1.22. “Person” means an individual, corporation, partnership, joint venture, association, trust, limited liability company, Governmental Entity (as such term is defined in the Merger Agreement), unincorporated organization or other entity.

1.23. “Proprietary Misys Connect Software” means the proprietary components of the Misys Connect Software set forth on Exhibit A attached hereto and made a part hereof, in both source code and object code forms, in such forms and media as they shall exist from time to time.

1.24. “Proprietary Misys Connect Software Documentation” means all non-software items identified on Exhibit A hereto.

1.25. “Shared Services Agreement” means that certain Shared Services Agreement to be executed following the Closing Date (as defined in the Merger Agreement) between Misys and Allscripts.

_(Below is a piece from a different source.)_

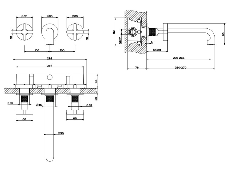 Смеситель для раковины, Gessi, Inciso, тип открывания воды-вентильный, тип регулирования воды-керамическая кран-букса, монтаж-настенный встраиваемый, отверстия для монтажа-3, высота, мм-85, вынос излива, мм-235-255, тип излива-неподвижный, донный клапан-отсутствует, тип подводки-жесткая, стандарт подвода воды-1/2", внутренняя часть-необходимо заказать, цвет-Finox Brushed Nickel Смеситель для раковины, Gessi, Inciso, цвет-Finox Brushed Nickel

1.26. “Territory” means worldwide.

1.27. “Upgrades” means software in source code and object code versions that accomplishes performance, structural or functional improvements or changes, or adds features to, whether by modification, adaptation, replacement, supplement or revision, or that is a derivative work of, the Proprietary Misys Connect Software.

1.28. “Virus” means malicious code, whether or not capable of replication or attachment to disks or other files, that is capable of performing an illicit activity or replicating itself on a computer or network of computers and thereby of damaging other computer programs or data located on such computer or network or otherwise causing a defect in the operation of such computer or network, including by causing any computer data, memory, or related hardware to become, without specific user instructions, erased, altered or unusable. The term “Virus” includes, but is not limited to, viruses, Trojan horses, time bombs, worms or similar malicious software, programs or files.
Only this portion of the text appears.